Gloria looked at him like he had two heads. “I hope you don’t expect me to repeat that.”

“Repeat it?” he looked at her in wonder. “I don’t even know what the hell I said.

Gloria graced him with an appreciative chuckle. “Well, what about Thomas?” she asked. “Can’t he do anything for you?”

Gerry made a soft Bronx cheer noise. “Thomas? He should quit the Writer’s Guild and sign up with the LAWFA.”

“The…LAWFA,” Gloria exaggeratedly repeated.

“Uh huh,” Gerry nodded. “Uh huh. League of Agents Who’re Freakin’ A-Holes. You know, I don’t think I told you, about a year ago I gave him a couple of novel manuscripts, one of which I already adapted into a screenplay, and asked him to market them for me.
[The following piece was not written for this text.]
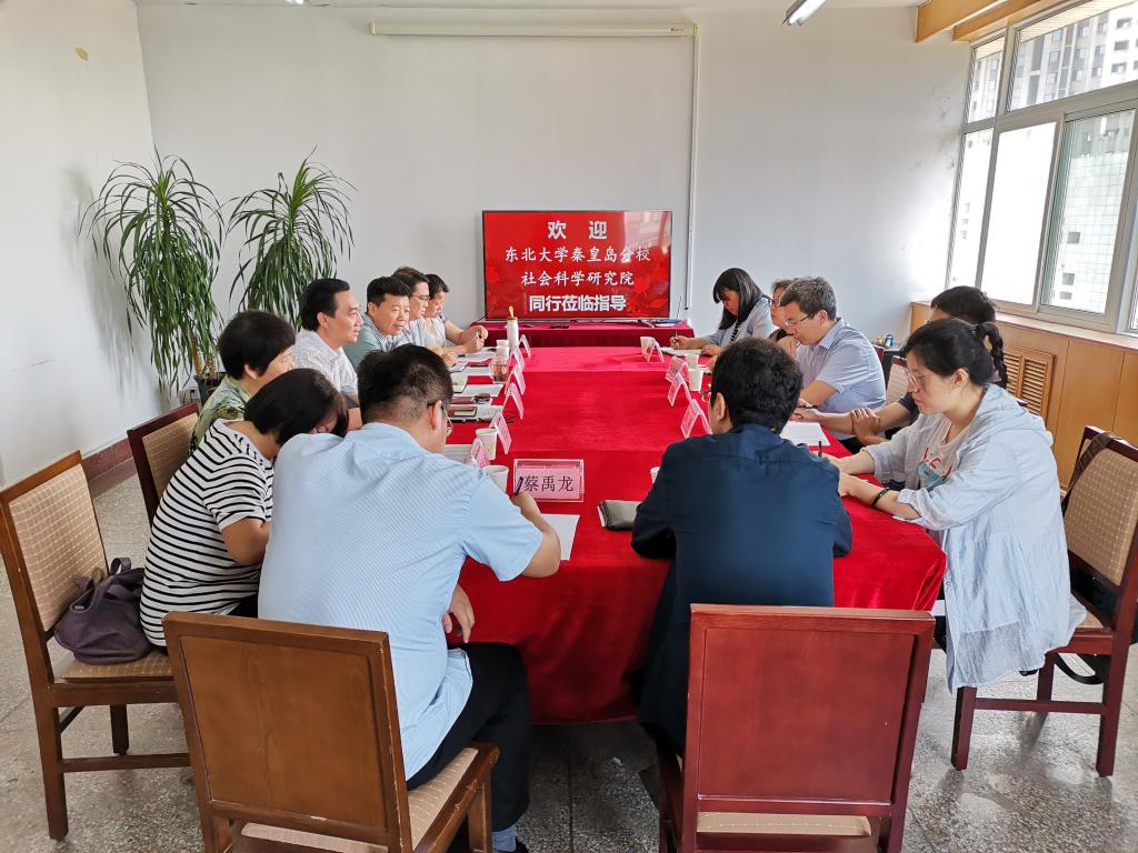 2019年6月12日上午,东北大学秦皇岛分校社会科学研究院副院长董劭伟(主持工作)一行五人到半岛online(中国)思政部调研交流。思政部班子成员、各教研室主任参加座谈,思政部党务负责人主持会议。

He comes back and you know what he says? ‘You’re a TV writer, Gerry, a soap opera guy. The publishing houses aren’t interested in TV writers, and the studios are only interested in seeing established movie writers.’ I mean, bullshit. Thomas Draw, Literary Consultant, he calls himself. Schmuck should be unloading trucks at Barnes and Noble, if he wants to be in the publishing business.”

“If that’s the case, why didn’t you get rid of him?” she asked, even though she knew the answer.

Her husband grimaced as if he had a gas pain. “Well…‘cause…I’m the only client he’s got that’s making him any kind of consistent money. I can’t…dump him, y’know…he’s been with me for more than fifteen years. Besides, his wife just left him, just up and left him, forty-two years they were married. Y’know, I just can’t…”

“Aww, my widdle witer has a soft spot for his fwiend,” Gloria cooed in a baby voice. “You know what’s going on? You, my love, my dove, my all, are just having a little hissy fit this evening and are crying out for a little attention.” She put her hands on either side of his face and kissed him. Kissed him again. Gave a little laugh and drew him on top of her as she lay back on the couch. He felt one of the reindeer on his pants getting a shiny red nose.

“Feed the bird, Gerry,” squawked the macaw. “Gerry, did you feed the bird?”

“Feed yourself, Tweety-pie,” Gerry murmured to him, and then said no more as his mouth became otherwise occupied.